35. Don’t fall prey to premature optimization. That way lies madness. In particular, don’t worry about writing (or avoiding) inline functions, making some functions nonvirtual, or tweaking code to be efficient when you are first constructing the system. Your primary goal should be to prove the design, unless the design requires a certain efficiency.
1. First make it work, then make it fast. This is true even if you are certain that a piece of code is really important and that it will be a principal bottleneck in your system. Don’t do it. Get the system going first with as simple a design as possible. Then if it isn’t going fast enough, profile it. You’ll almost always discover that “your” bottleneck isn’t the problem. Save your time for the really important stuff.
35. Don’t fall prey to premature optimization. That way lies madness. In particular, don’t worry about writing (or avoiding) inline functions, making some functions nonvirtual, or tweaking code to be efficient when you are first constructing the system. Your primary goal should be to prove the design, unless the design requires a certain efficiency.
"Whoops..."
Agreed, but not.randomMesh wrote:1. First make it work, then make it fast.
Balance is important-- not just in programming but in life, too...
Making things "work" without making them reasonably fast will lead to a horrible mess; making things insanely fast before making them work will lead to nothing.

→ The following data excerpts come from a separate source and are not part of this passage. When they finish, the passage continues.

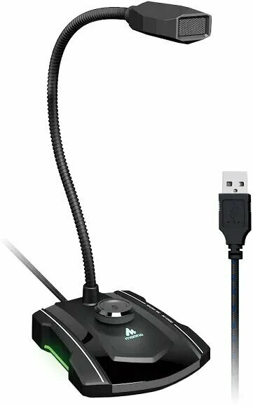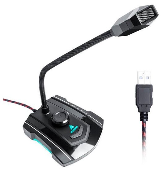 Неплохой микрофон для общения и игр за свои деньги. Сначала показался тиховат, но собеседнику меня нормально слышно. Качество звука хорошее. Подсветка логотипа на основании не отключается даже при выключенном компьютере. На основании есть USB вход для флешек, это удобно.
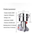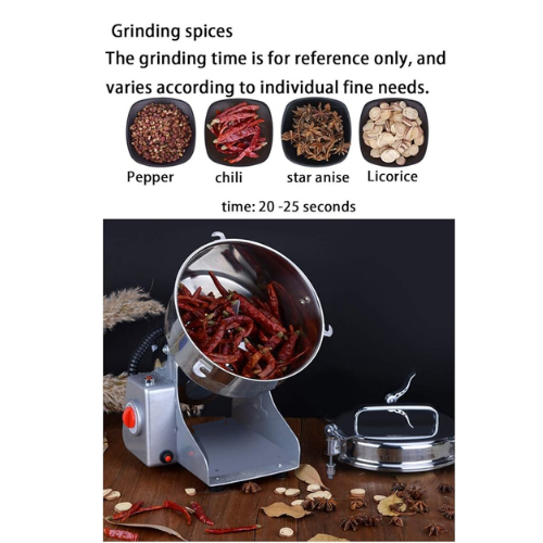 • Capacité : 2500 grammes, tension : 110 V, puissance de charge : 3600 W, finesse : 30-300 mesh. Interrupteur d’alimentation de synchronisation : fermez le couvercle et allumez l’alimentation, réglez l’heure et éteignez l’alimentation une fois l’écrasement terminé. Contrôlez l’épaisseur comme vous le souhaitez.
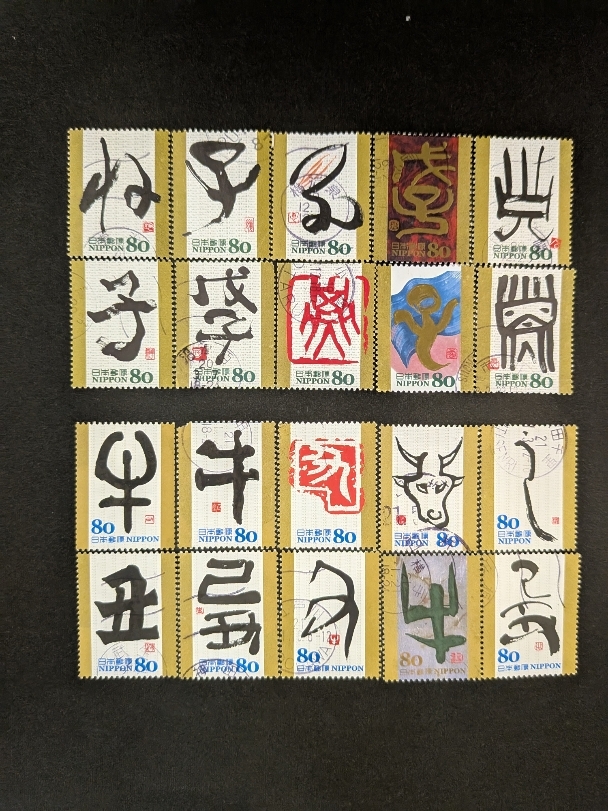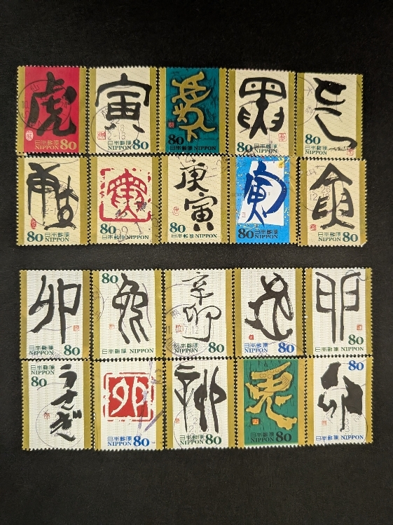 使用済み切手 「干支文字(子丑寅卯)」 40種完 40枚

I know several computer engineers and a professional game developer, and every time I talk to them about optimization, they say that it's best to let the compiler do the simple optimizations (such as knowing whether to bit shift or multiply or divide) and focus on optimizing your program at a higher level. For example, no matter what compiler you use, heapsort will (almost always) outperform bubblesort. Work on the higher-level structure of your code and let the optimizing compiler deal with the details.